RECORDS FOR THIS TASK —
__________

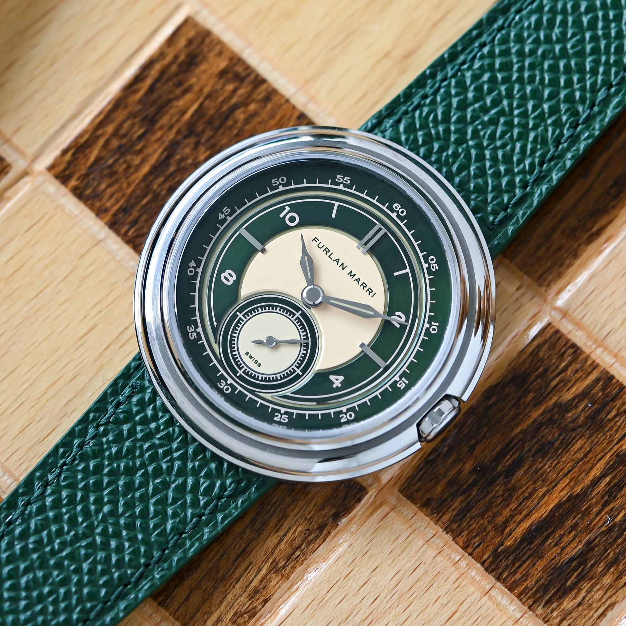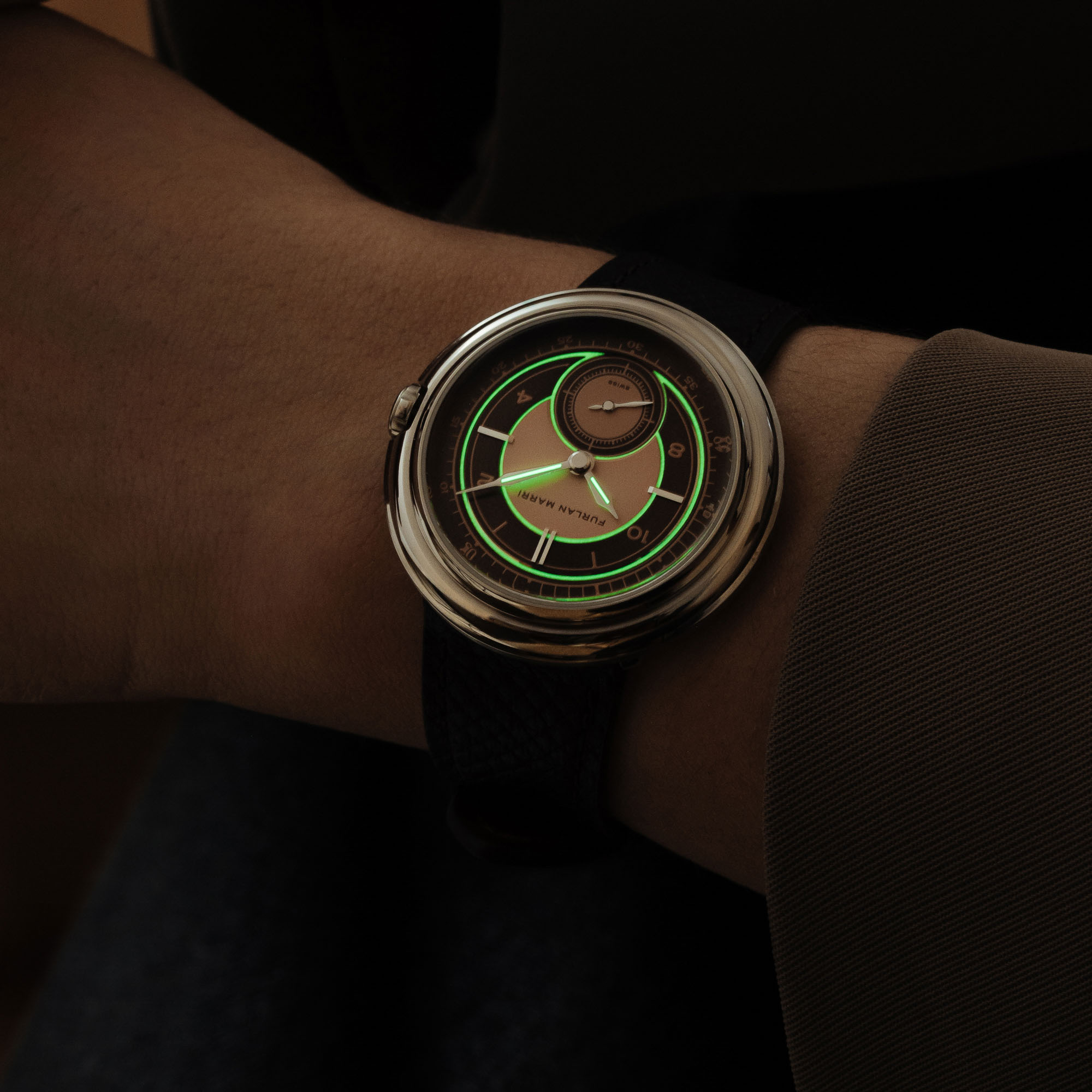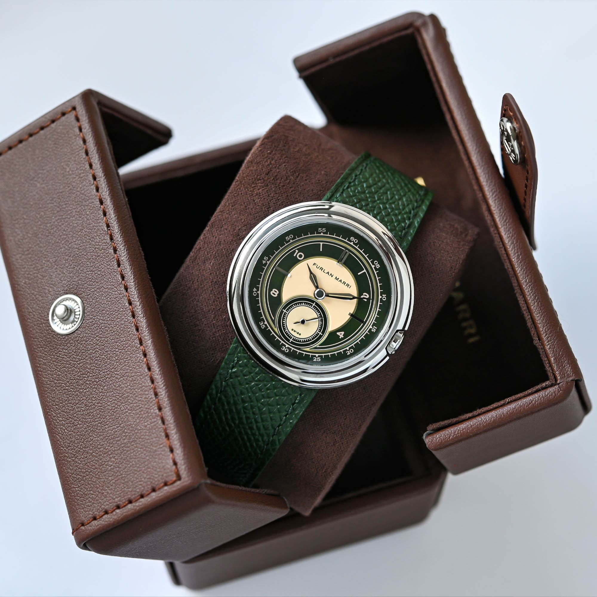 Co-founded by Swiss industrial designer Andrea Furlan and watch collector Hamad Al Marri, Furlan Marri launched on Kickstarter in 2021 with a beautifully designed vintage chronograph powered by a hybrid mecha-quartz engine. The next act, in 2022, was an equally handsome vintage black sector dial equipped with a mechanical movement that won over the MONOCHROME team. Today, Furlan Marri sticks to its vintage designs and mechanical guns and releases a trilogy of Disco Volante models in 38mm cases with manual-winding Peseux movements.
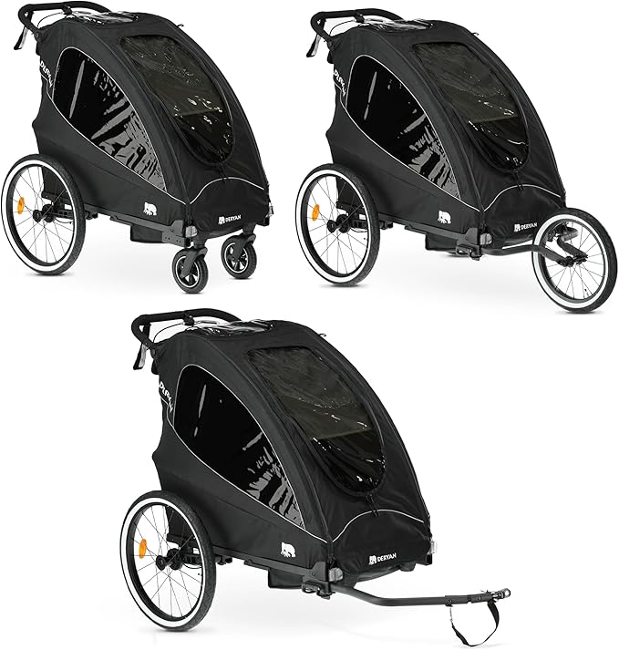 The Deryan 3-in-1 Bike Trailer is a single-child crossover option for families who want a more compact trailer-and-stroller setup than the bulkier two-seat designs.
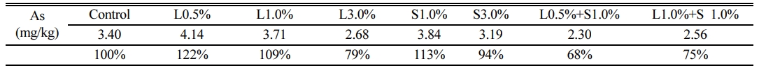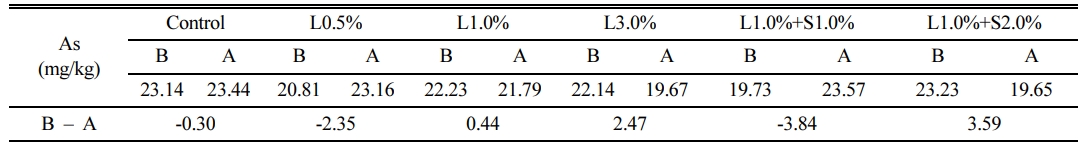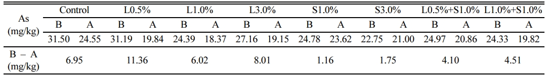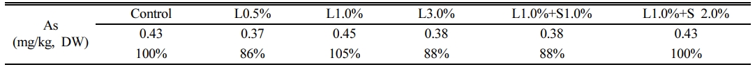 실험 종료 후 벼의 As 농도 분석 결과, 무처리의 경우 0.43 mg/kg(DW)으로 검출되었고, 모든 안정화 처리구에서는 0.38~0.45 mg/kg(DW)의 범위로 검출되었다(Table 5). 무처리와 비교하여 L0.5%는 14%의 감소 효율이 있는 것으로 평가되었고, L3.0%와 L1.0%+S1.0%에서 12%의 감소 효율이 있는 것으로 평가되었다.
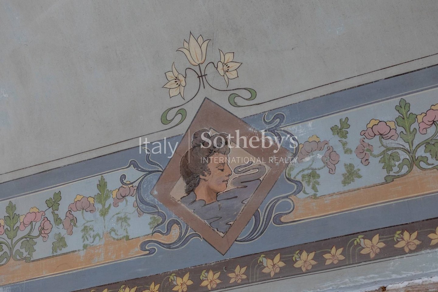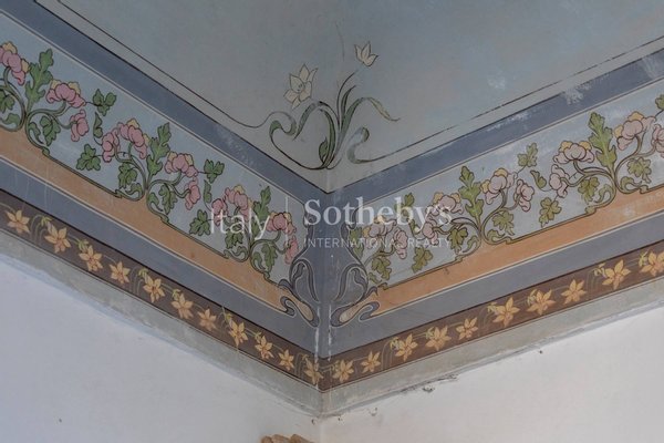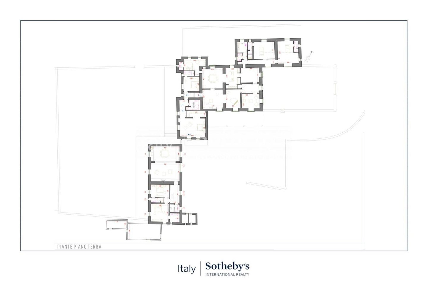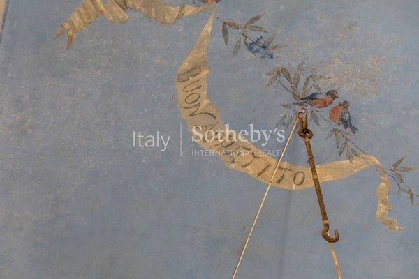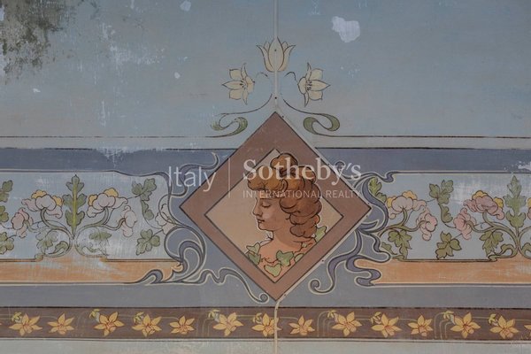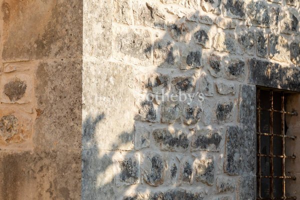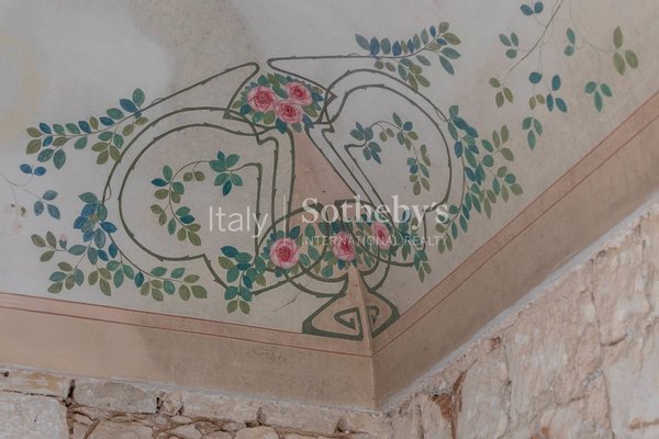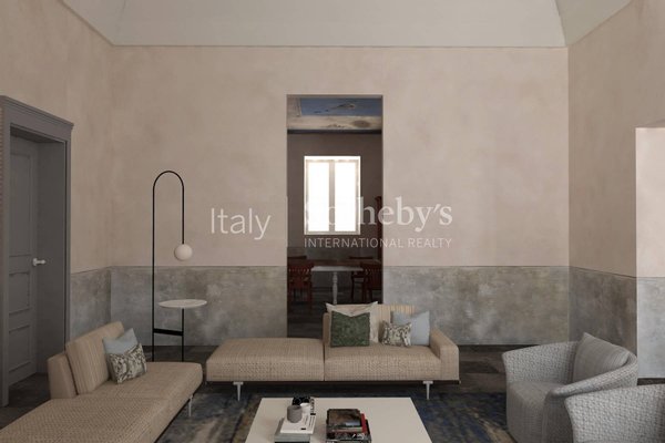 Das Hauptgebäude erstreckt sich über eine Fläche von etwa 440 Quadratmetern und verfügt über eine Panoramaterrasse, von der aus man einen beeindruckenden Blick auf die Landschaft und die Küste genießen kann. Die Innenräume, die durch fotografische Renderings dargestellt werden, umfassen großzügige Wohnbereiche, eine helle Küche mit Esszimmer und fünf Schlafzimmer, alle mit eigenem Bad und separatem Eingang. Die Haupträume sind noch mit malerischen Verzierungen an den Gewölbedecken versehen.
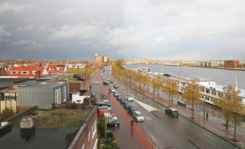 Slaapkamer aangrenzend aan balkon met een geweldig uitzicht over het Spaarne.
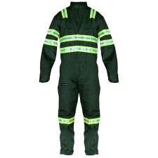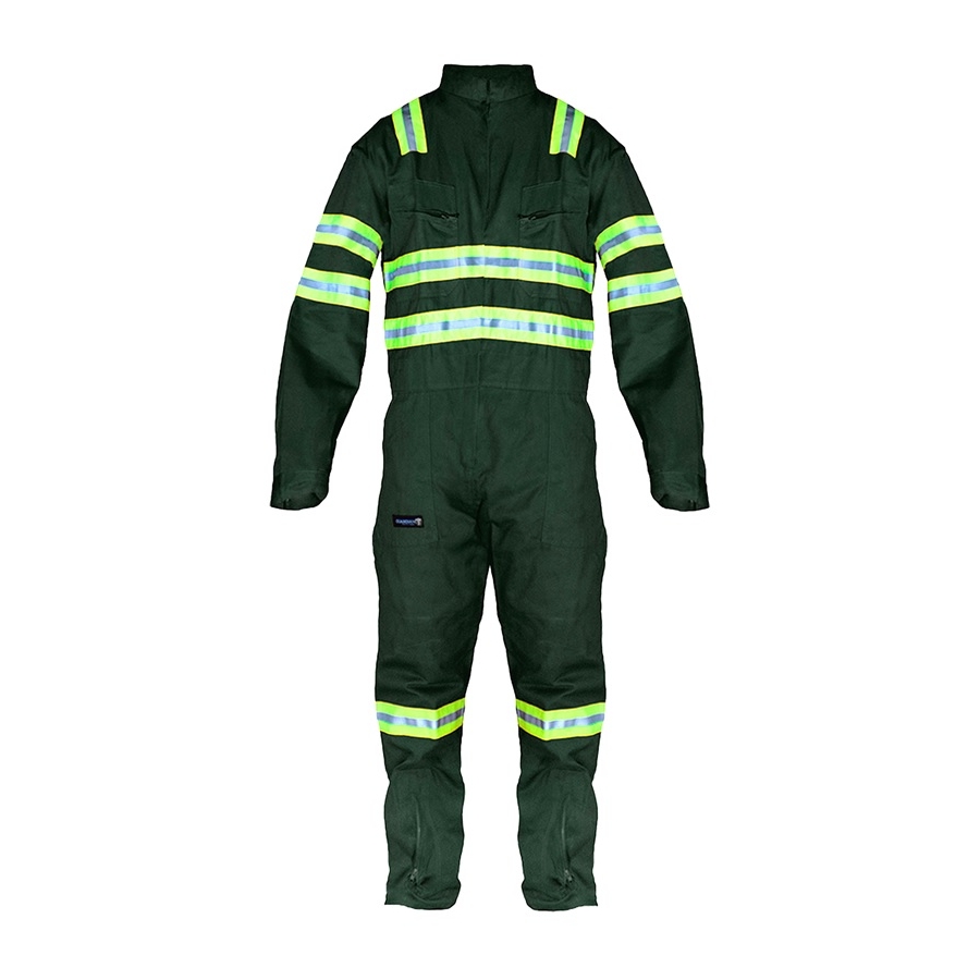 Overol manga larga 100% algodón con cinta reflectiva bicolor verde-gris de 2.5"
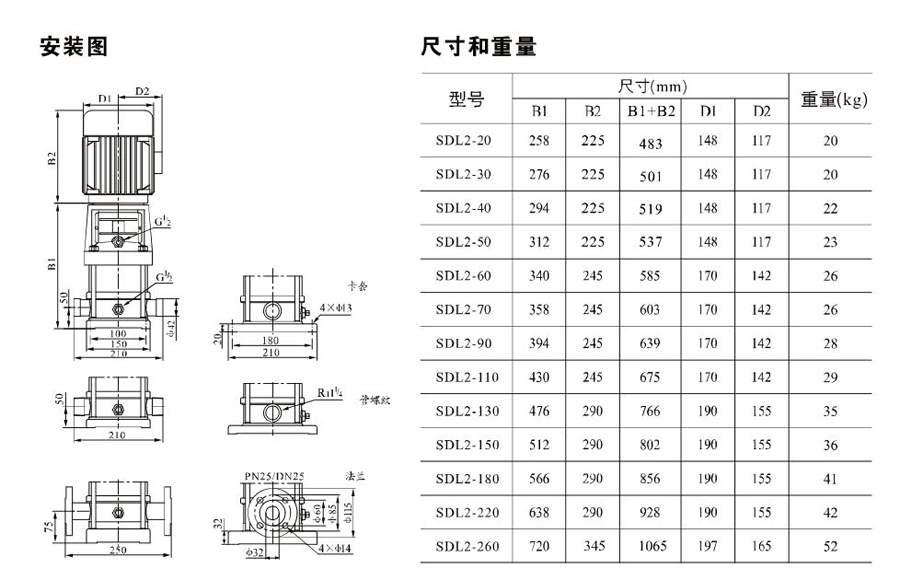 SDL2/SDLT2為配用標準電機的非自吸立式多級離心泵,電機軸和泵軸用聯(lián)軸器直接聯(lián)接,把拉桿用螺母將外筒,過流部件固定在支架和進出水體之間,泵進出水口在泵底部的同一直線上。泵可根據(jù)需要配置智能保護器,對泵的干轉、缺相、過載等進行有效的保護。
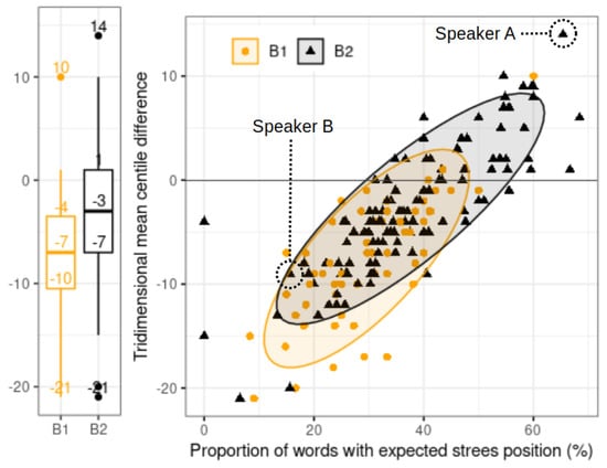 The difference in the mean acoustic contrast between expected stressed and unstressed syllables among the B1 and B2 proficiency groups is statistically significant (median at −7 for B1 and −3 for B2 speakers, with p < 0.0001), and strongly correlated with the proportion of words with the expected stress position for both proficiency groups (, , cf. Figure 12).
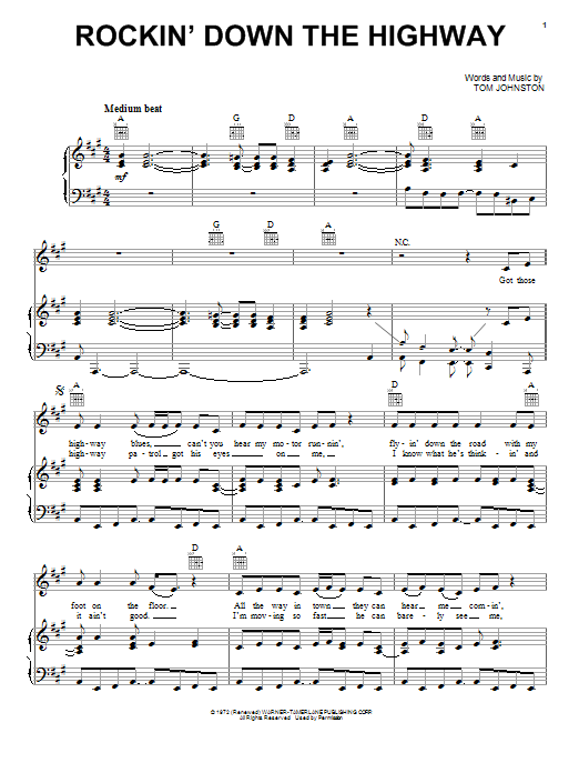 Download or print The Doobie Brothers Rockin' Down The Highway sheet music, chords and digital score arranged for Guitar Tab. This Pop score includes 8 page(s).

__________

YOUR GOAL — Without including the pictures, copy all of the data exactly.

PROBLEM SOLUTION —
 Co-founded by Swiss industrial designer Andrea Furlan and watch collector Hamad Al Marri, Furlan Marri launched on Kickstarter in 2021 with a beautifully designed vintage chronograph powered by a hybrid mecha-quartz engine. The next act, in 2022, was an equally handsome vintage black sector dial equipped with a mechanical movement that won over the MONOCHROME team. Today, Furlan Marri sticks to its vintage designs and mechanical guns and releases a trilogy of Disco Volante models in 38mm cases with manual-winding Peseux movements.
 The Deryan 3-in-1 Bike Trailer is a single-child crossover option for families who want a more compact trailer-and-stroller setup than the bulkier two-seat designs.
 실험 종료 후 벼의 As 농도 분석 결과, 무처리의 경우 0.43 mg/kg(DW)으로 검출되었고, 모든 안정화 처리구에서는 0.38~0.45 mg/kg(DW)의 범위로 검출되었다(Table 5). 무처리와 비교하여 L0.5%는 14%의 감소 효율이 있는 것으로 평가되었고, L3.0%와 L1.0%+S1.0%에서 12%의 감소 효율이 있는 것으로 평가되었다.
 Das Hauptgebäude erstreckt sich über eine Fläche von etwa 440 Quadratmetern und verfügt über eine Panoramaterrasse, von der aus man einen beeindruckenden Blick auf die Landschaft und die Küste genießen kann. Die Innenräume, die durch fotografische Renderings dargestellt werden, umfassen großzügige Wohnbereiche, eine helle Küche mit Esszimmer und fünf Schlafzimmer, alle mit eigenem Bad und separatem Eingang. Die Haupträume sind noch mit malerischen Verzierungen an den Gewölbedecken versehen.
 Slaapkamer aangrenzend aan balkon met een geweldig uitzicht over het Spaarne.
 Overol manga larga 100% algodón con cinta reflectiva bicolor verde-gris de 2.5"
 SDL2/SDLT2為配用標準電機的非自吸立式多級離心泵,電機軸和泵軸用聯(lián)軸器直接聯(lián)接,把拉桿用螺母將外筒,過流部件固定在支架和進出水體之間,泵進出水口在泵底部的同一直線上。泵可根據(jù)需要配置智能保護器,對泵的干轉、缺相、過載等進行有效的保護。
 The difference in the mean acoustic contrast between expected stressed and unstressed syllables among the B1 and B2 proficiency groups is statistically significant (median at −7 for B1 and −3 for B2 speakers, with p < 0.0001), and strongly correlated with the proportion of words with the expected stress position for both proficiency groups (, , cf. Figure 12).
 Download or print The Doobie Brothers Rockin' Down The Highway sheet music, chords and digital score arranged for Guitar Tab. This Pop score includes 8 page(s).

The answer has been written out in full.